How do I quickly and efficiently hang myself Sup Forums?
>pic unrelated
How do I quickly and efficiently hang myself Sup Forums?
>pic unrelated
Bump
Last bump and I'll let it die
allright allright
1 - razor wire noose (cheese wire will do too)
2 - superglue or epoxy
3 - printouts of cringey feminazi shit and gay stuff
4 - scatter prinouts all around you
5 - noose self with wire and stand on stool
6 - glue hands to head
7 - jump
8 - die like a baller who tore his own head off because of the worlds stupidity
As fun as that sounds I only have nylon rope
thats gay dude, kys
if youre going to go out you gotta go out in style
I don't have the ability to obtain either of those because I don't have a running car or money and I live in the middle of nowhere
is there something tall nearby?
if so
- get phone
- place on ground near where youll land
- put on liveleak
- link to here
- do a backflip off talk thing
- land on head
- we all applaud your fabulous death and i spread that footage around rekt threads
worst way to kill yourself
Only trees. I live in 50 acres of woods
I don't have a gun or pills and I don't wanna be a faggot and slit my wrists
wait till youre inna city, you want people to see, you dont want to go out like a bitch with noone around
you dont , you live on and stop being such a faggot
Most of the towns around me are quite small and don't have tall enough buildings. I've always been a loner so I wouldn't care about dying in the woods alone
dont even bother killing yourself if you arent even going to make the obituaries page, wait tilll you have enough money or some other way make it to a city otherwise you become more pathetic in death than you were in life
dude if he does it liveleak nobody has to be around him, if someones around they will help his sorry and fuck it up anyway then OP will have to live as an puss instead of an hero
Just buy some helium
If I'm dead it doesn't really matter. No time on my phone for 3G so it won't be on liveleak regardless
I don't have money for that m8
Ok op heres what you do then
>Grab machete or knife or Axe
>Wonder into the woods, preferably get lost
>If your lost just try to live off the land and see how long you last
If your lucky you meet a bear and you can go out fighting like Leonardo Dicaprio dude... then youll definitly be an hero and tons of girls would suck your dick...if you were still alive and your face skin wasnt peeled off
There are definitely bears around where I live.
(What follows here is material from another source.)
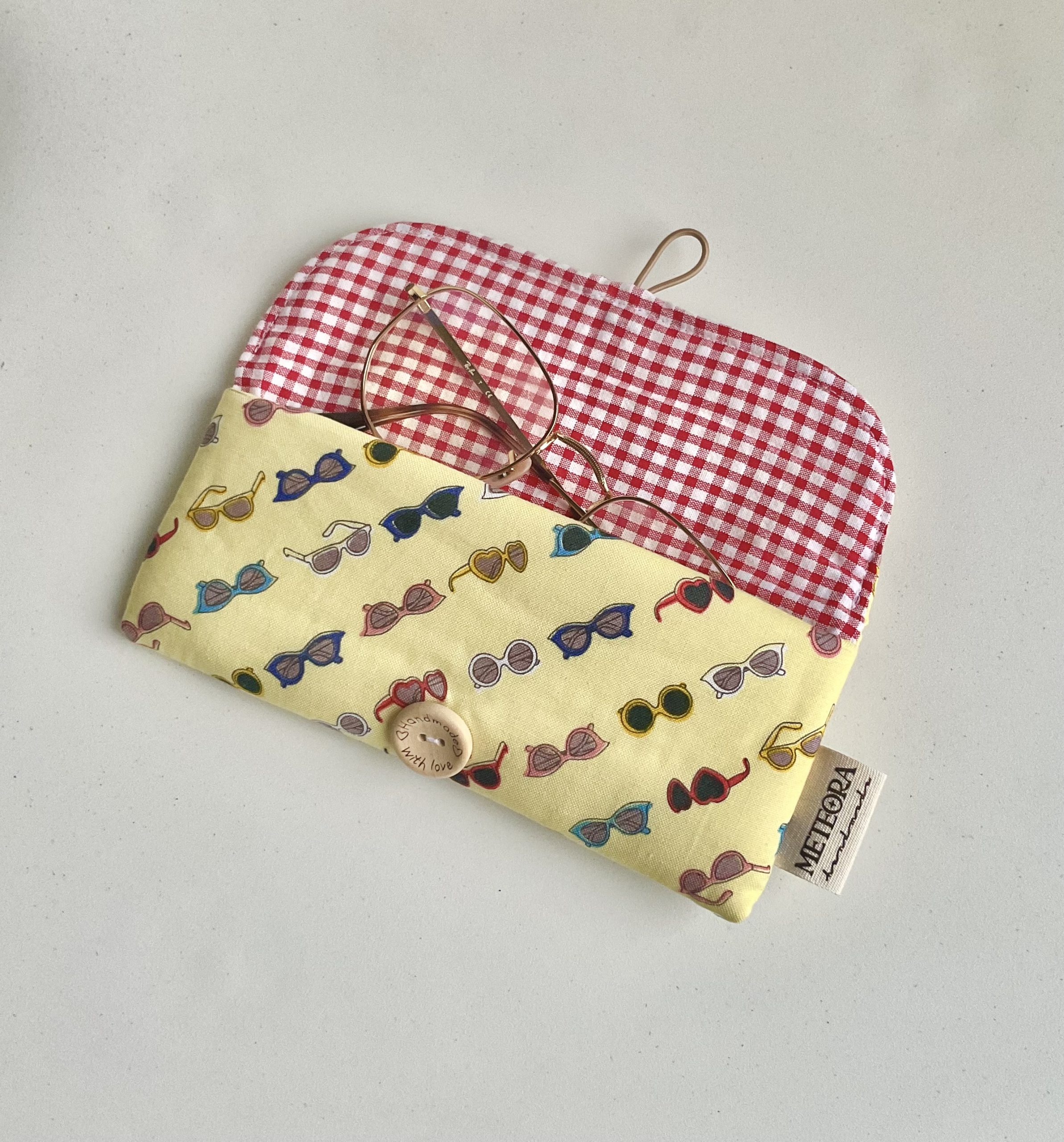 Funda para gafas Gafotas : acolchadita, forrada en vichy rojo y con cierre de goma que se engancha en un botón. Confeccionada en algodón estampado con certificado Oekotex, para que lleves tus gafas siempre a buen recaudo. Listas para llevar, bien protegidas en el bolso, a donde quieras, o en el coche, o incluso para tenerlas guardaditas en casa dentro de una funda así de cuqui.

This is a decent idea I guess. Still kinda prefer to just neck myself and end it though
Go out fighting bears... like a man...
Being a goddamn pussy all of your life has led you to creating this thread and now you got a chance to fucking make Chuck Norris look like a lil girl... you really wanna go out like a puss? Or do you wanna die...An hero?
Either way faggot if i was you id wait till after the election and join the Revolutionary Army after Hillary is elected by the establishment, thats what im doin.